We study the problem of private distribution learning with access to public data. In this setup, which we refer to as public-private learning, the learner is given public and private samples drawn from an unknown distribution $p$ belonging to a class $\mathcal Q$, with the goal of outputting an estimate of $p$ while adhering to privacy constraints (here, pure differential privacy) only with respect to the private samples. We show that the public-private learnability of a class $\mathcal Q$ is connected to the existence of a sample compression scheme for $\mathcal Q$, as well as to an intermediate notion we refer to as list learning. Leveraging this connection: (1) approximately recovers previous results on Gaussians over $\mathbb R^d$; and (2) leads to new ones, including sample complexity upper bounds for arbitrary $k$-mixtures of Gaussians over $\mathbb R^d$, results for agnostic and distribution-shift resistant learners, as well as closure properties for public-private learnability under taking mixtures and products of distributions. Finally, via the connection to list learning, we show that for Gaussians in $\mathbb R^d$, at least $d$ public samples are necessary for private learnability, which is close to the known upper bound of $d+1$ public samples.

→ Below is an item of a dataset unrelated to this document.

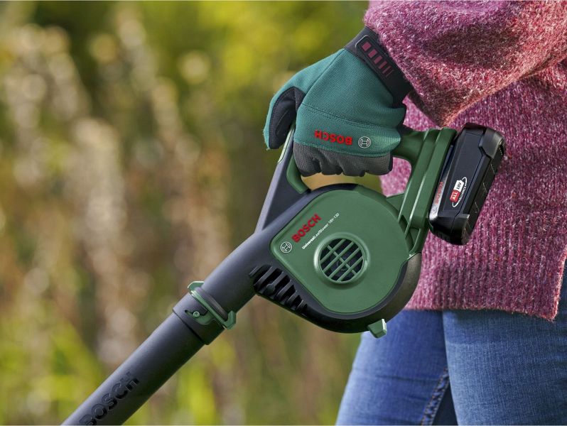 Einfache Beseitigung von Gartenabfällen mit dem kabellosen UniversalLeafBlower 18V-130. Der leichte und kompakte Laubbläser verfügt über einen ergonomischen Griff und lässt sich mühelos in die hintersten Ecken des Gartens tragen. Er besitzt einen einfachen Schalter mit 2 Geschwindigkeitsstufen zur Luftstromsteuerung für wahlweise kraftvolleres oder kontrollierteres Säubern. Der Bosch 18V POWER FOR ALL-Akku und die Syneon Technology sorgen für eine beeindruckende Luftstromgeschwindigkeit von 245 km/h für schnelles und kraftvolles Säubern. Mehrere Düsenaufsätze sorgen für vielseitige Flexibilität beim Säubern des Gartens. Der Laubbläser lässt sich leicht zusammenbauen und kompakt lagern, und er läuft mit einer Akkuladung bis zu 18 Minuten. Die eingebaute Bosch Syneon Electronic schützt das Gerät und den Akku. Das Gerät ist Teil des 18V POWER FOR ALL-Systems. Ein einziger Akku kann für alle 18V POWER FOR ALL-Werkzeuge verwendet werden.
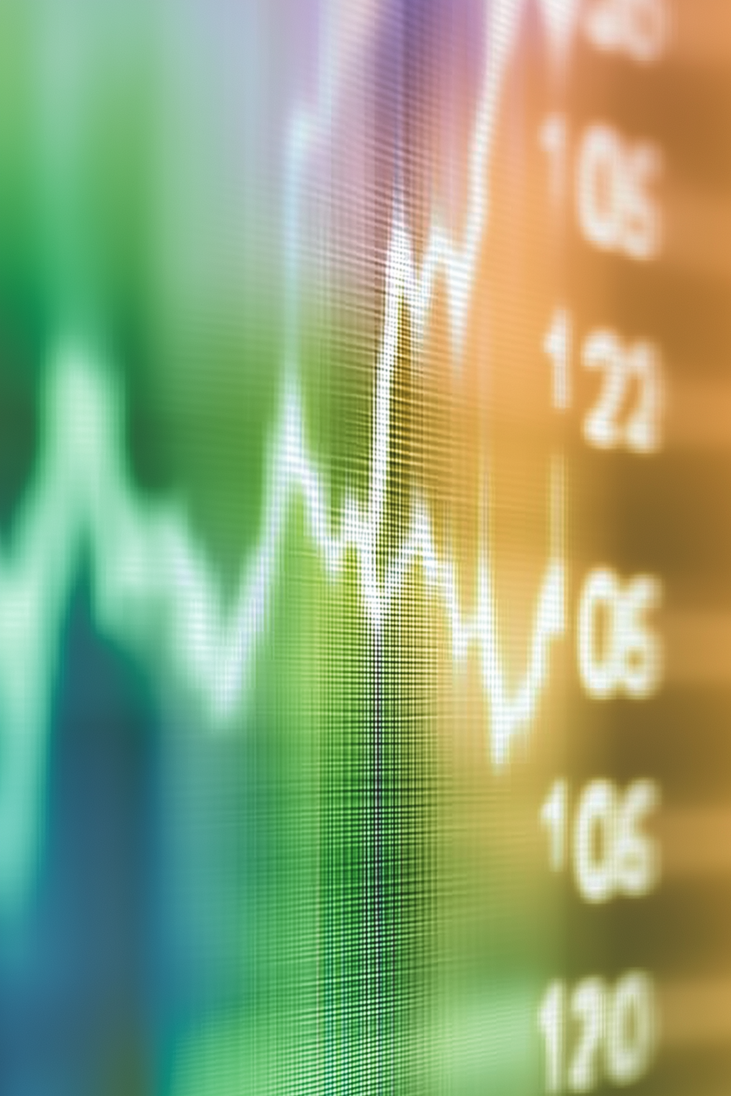 Abstract financial chart with a white line graph on a gradient background of green, blue, and orange hues, symbolizing market trends.

翻译：我们研究了在可获取公共数据条件下的私有分布学习问题。在这一被称为“公共-私有学习”的设定中，学习器可获取从属于类别$\mathcal Q$的未知分布$p$中抽取的公共样本和私有样本，其目标是在仅对私有样本遵守隐私约束（此处为纯差分隐私）的前提下，输出对$p$的估计。我们证明，类别$\mathcal Q$的公共-私有可学习性与其样本压缩方案的存在性，以及我们称之为列表学习的中间概念相关联。利用这一关联：(1) 可近似复现先前关于$\mathbb R^d$上高斯分布的结果；(2) 可推导出新结果，包括$\mathbb R^d$上任意$k$混合高斯分布的样本复杂度上界、针对不可知学习器和分布偏移鲁棒学习器的结果，以及公共-私有学习性在分布混合与乘积运算下的封闭性质。最后，通过列表学习的关联，我们证明对于$\mathbb R^d$中的高斯分布，实现私有可学习性至少需要$d$个公共样本，这一下界接近已知的$d+1$个公共样本的上界。